Зато облегчение настало. И, восполнив осторожным (чтобы снова не блевануть) питьём часть утерянного объёма жидкости, я уснул… и даже не мог гадать, о чём судачили родители насчёт моего «бреда про длинноногих красоток на рижском взморье».
А на следующий день нам стало не до того.
15 апреля 1979. Там же.
Во-первых, ночью я два раз пропотел. И утром и даже в течение дня, у меня уже не было температуры. Отчего «старые», прошлого лета подозрения снова окрепли и получили новые (хотя и не «железобетонные») аргументы в свою пользу.
А, во-вторых, приехала и заявилась в гости Козельцева…
Я даже было подумал, что она сорвалась из Москвы в связи с моей болезнью. «Наблюдение» же мне кое-кто обещал? Затем засомневался (слишком быстро!) и решил пронаблюдать — чего её принесло? Сама скажет.
Фига-с-2!
— … Ваня, нам надо поговорить с Еленой Борисовной. Закрой дверь и иди ляг, а то снова температуру наскачешь.
— Я понял… закрыть… с другой стороны…
К моей тонкой иронии они привыкли. А я всё не могу привыкнуть к ограничениям детского тела и невозможности самому говорить «нет».
«Опережающее развитие» не катит против «ты — наш маленький сын и должен слушаться…» и детской физиологии.
Но можно взять из серванта-«стенки» в комнате стеклянный стакан и приложить его к тонкой (один кирпич «вдоль») внутриквартирной стенке между комнатой и кухней, где закрылись родители и Козельцева!
При помощи импровизированной подслушки, «с пятого на десятое» я понял, о чём они толкуют.
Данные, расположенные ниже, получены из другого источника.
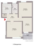 Auf ca. 67,9 m² Wohnfläche verteilen sich drei gut geschnittene Zimmer, die vielseitig nutzbar sind – ideal für Paare, kleine Familien oder auch als Kapitalanlage. Das Herzstück der Wohnung bildet das großzügige Wohnzimmer mit Zugang zur Loggia, die an warmen Tagen zum Entspannen im Freien einlädt.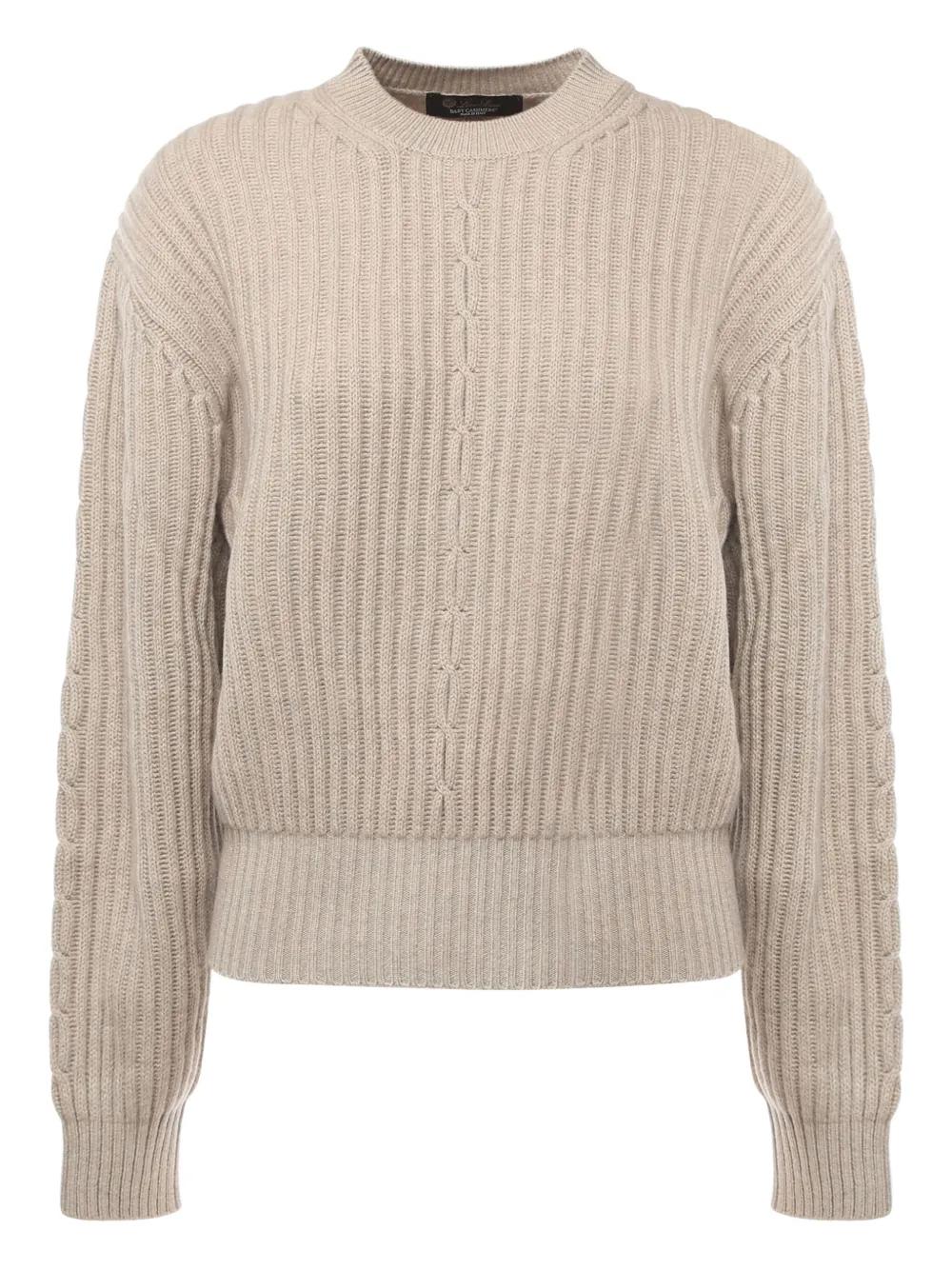beige cable knit detail ribbed knit round neck long sleeves ribbed hem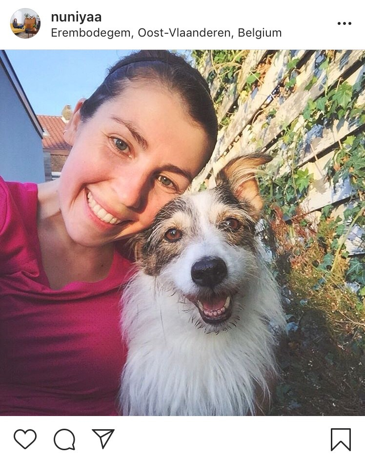 Sarah zorgt altijd voor de zon bij het scrollen door Instagram. Haar foto’s zijn immer vrolijk. Ze toont regelmatig haar hond Mica die “my favorite instadog” gekroond werd want….ze lacht. Echt, Mica is de max. Sarah houdt van lopen, vintage interieur, vegetarisch eten, een taartje hier en daar. Ze heeft sinds kort ook een webshop waarop vintage meubelen en decoratie wordt verkocht: nuniyasvintagehome.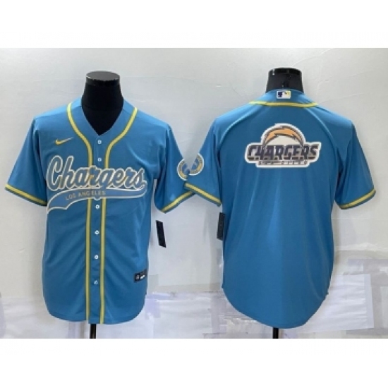 Men's Los Angeles Chargers Light Blue Team Big Logo With Patch Cool Base Stitched Baseball Jersey

И мне не понравилось то, что толкала родителям Козельцева.
А как уж это не понравилось им! Поэтому, с достаточным спокойствием внутри и даже с некоторым определённым злорадством, я ловил ухом через стакан фразы из их спора:
— … Нет, нет! Об этом не может даже и идти речи… — сердилась моя мама — … Ваня — ребёнок, он наш сын…
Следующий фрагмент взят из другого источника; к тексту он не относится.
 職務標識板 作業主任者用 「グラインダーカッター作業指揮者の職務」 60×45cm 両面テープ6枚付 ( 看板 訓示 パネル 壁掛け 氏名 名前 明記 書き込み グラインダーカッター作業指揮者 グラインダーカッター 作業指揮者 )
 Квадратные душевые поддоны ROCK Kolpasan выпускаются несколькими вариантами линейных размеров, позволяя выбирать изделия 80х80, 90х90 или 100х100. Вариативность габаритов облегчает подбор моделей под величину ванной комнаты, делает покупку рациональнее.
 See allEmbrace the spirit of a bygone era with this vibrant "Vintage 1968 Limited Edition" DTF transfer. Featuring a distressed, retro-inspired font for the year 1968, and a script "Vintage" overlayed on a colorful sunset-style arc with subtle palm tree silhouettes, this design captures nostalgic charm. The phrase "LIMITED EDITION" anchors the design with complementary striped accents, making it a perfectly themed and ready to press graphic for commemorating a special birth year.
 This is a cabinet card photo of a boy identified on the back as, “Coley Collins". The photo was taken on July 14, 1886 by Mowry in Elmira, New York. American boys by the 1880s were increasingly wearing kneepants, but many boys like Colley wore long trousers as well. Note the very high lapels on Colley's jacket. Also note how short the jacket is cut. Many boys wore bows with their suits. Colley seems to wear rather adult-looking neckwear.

Тогда же, там же. Полковник КГБ Козельцева Е. Б.
«Беспредельно важно».
Этот краткий ответ Председателя однозначно говорил о том, что сказанное «Свидетелем» в общении наедине с Андроповым нашло отклик у того.
Елена Борисовна не знала всего, что было в расшифровках тех сокращений — «заметок про будущее», её поразили слова Юрия Владимировича о том, что по информации, полученной от «Свидетеля», удалось обезвредить перевёртыша.
Но там… в их разговорах, очевидно, был огромный пласт того, что было на порядки важнее даже взятия с поличным предателя среди рядов своих.